You can immediately use the riboflavin-treated component but the psoralen must be removed before transfusion—this may take 6 or 20 hours depending on the licensing of the product.

What is the loss of platelets or coagulation factors after treatment?

With treatment by all methods, there is some loss of platelets and coagulation factors.  The platelet loss may be greater in psoralen-based methods and require additional components be added to the pool to reach the desired dose.  Likewise, plateletpheresis components treated with psoralen may require a recalibration of the donor apheresis equipment to collect more platelets per dose to compensate.  There may be some RBC loss additionally in whole blood pathogen inactivation.

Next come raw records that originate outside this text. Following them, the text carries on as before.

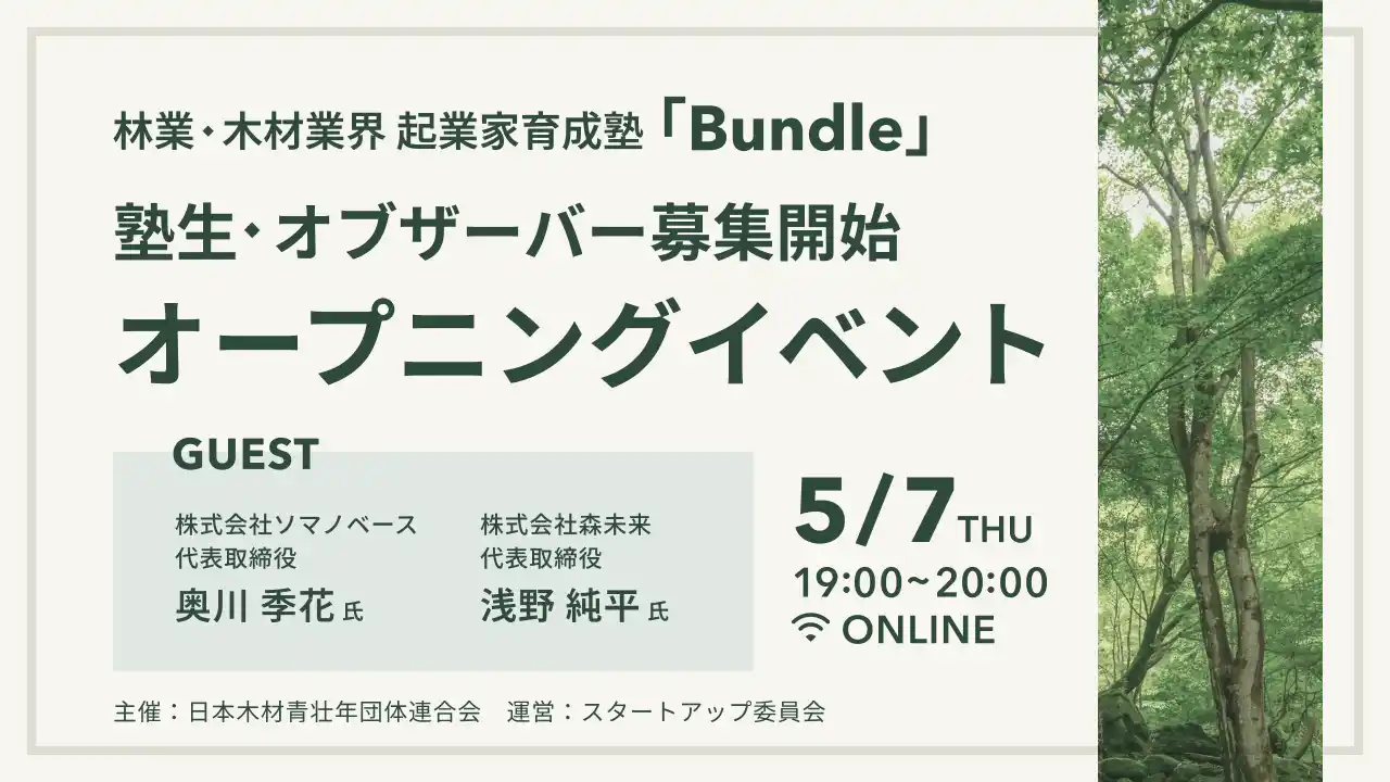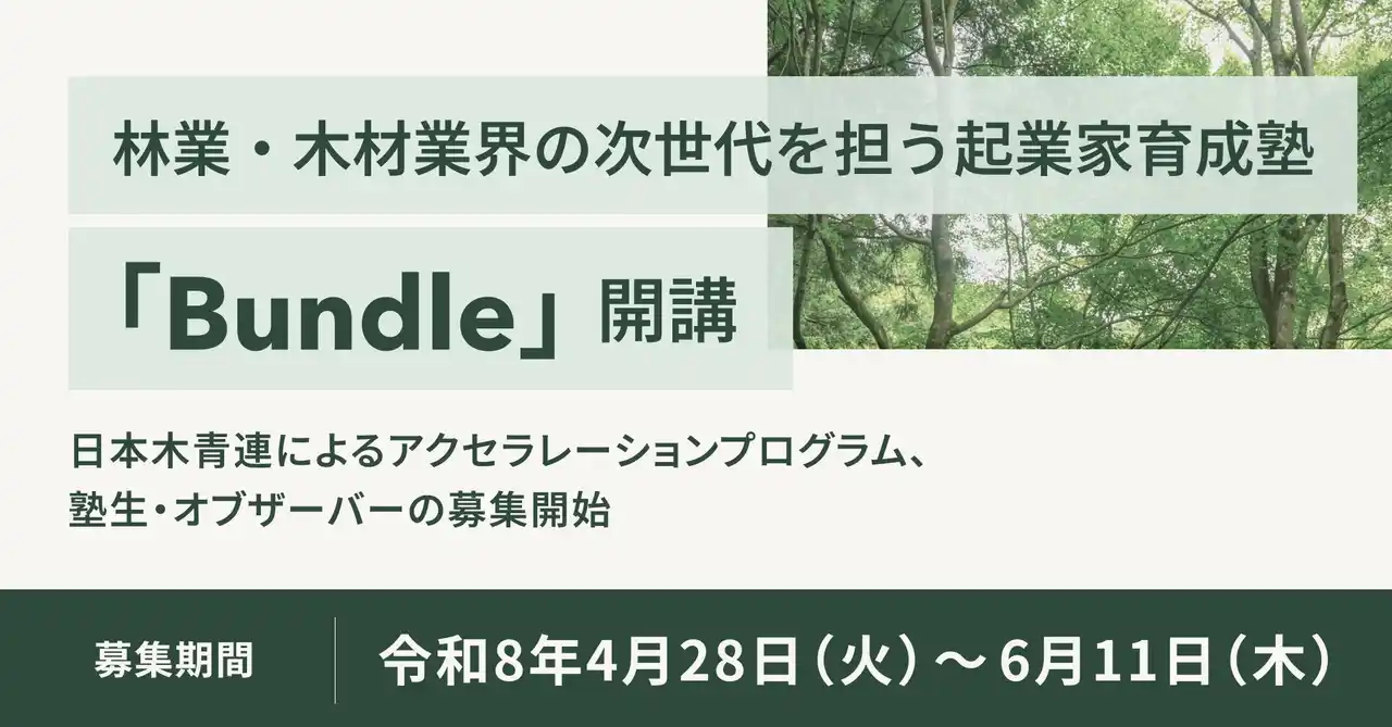 日本木材青壮年団体連合会(会長:田口房国、スタートアップ委員会 委員長:浅野純平、以下「日本木青連」)は、林業・木材業界の次世代育成と、地域を超えた連携創出を目的とした起業家育成塾『Bundle』を実施いたします。 |
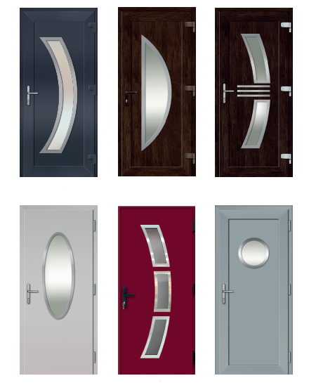Puerta de Sistema de PVC Gris Grafito con Vidrio Esmerilado Redondo y un Toque de Diseño Industrial Moderno
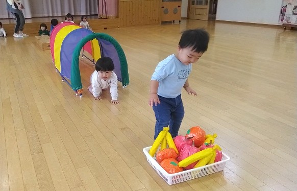 元気いっぱいに「えいえいおー!」と運動会の歌をみんなで歌いました。平均台とトンネルをくぐり、みんなが大好きなおさるさんに果物ぱくっ!と食べさせてゴール!楽しく体を動かしました!
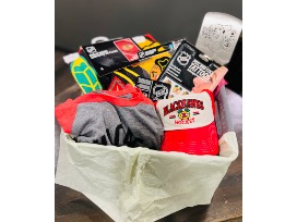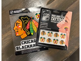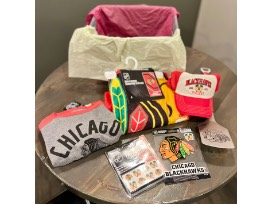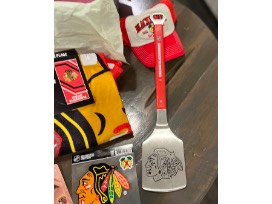 Included: Blackhawks Hat, Blackhawks Grill Spatula, Blackhawks Beach Towel, Blackhawks Vinyl Logo Decal, Blackhawks Sticker Tattoos, & Men's 2XL Blackhawks
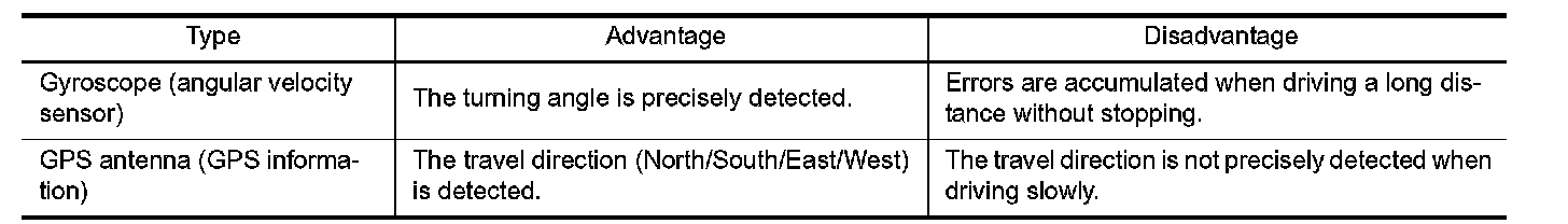 The gyroscope (angular velocity sensor) and GPS antenna (GPS information) generate the change of the travel direction. Both have advantages and disadvantages as per the following descriptions.

What is the efficacy of pathogen reduction for the infectious agents, particularly the ones in your region?

Example:  How well does the treatment handle local agents like Hepatitis E?  Psoralen agents may be less effective than riboflavin for this agent.

Does it work with platelet additive solution PAS?

There are minimum and maximum volumes for pathogen inactivation set by the manufacturer.  Can you get sufficient yields within these volumes?

How good is the data management system?  Can it be integrated with your blood bank computer system?

Can the equipment be integrated with your system?  This is important to set rules and enforce good manufacturing processes GMP.

Does it work well with an automated blood component production system?

Such automated systems like the Reveos can free up personnel for pathogen inactivation.  Can the volumes produced be handled effectively by the pathogen-inactivation method?  Do the timings for separation of components work synergistically with the pathogen inactivation method?

Vendor issues:  how well will the local agent provide support?  Is someone else in your country or region using the system?

You need an experienced vendor to provide optimal support.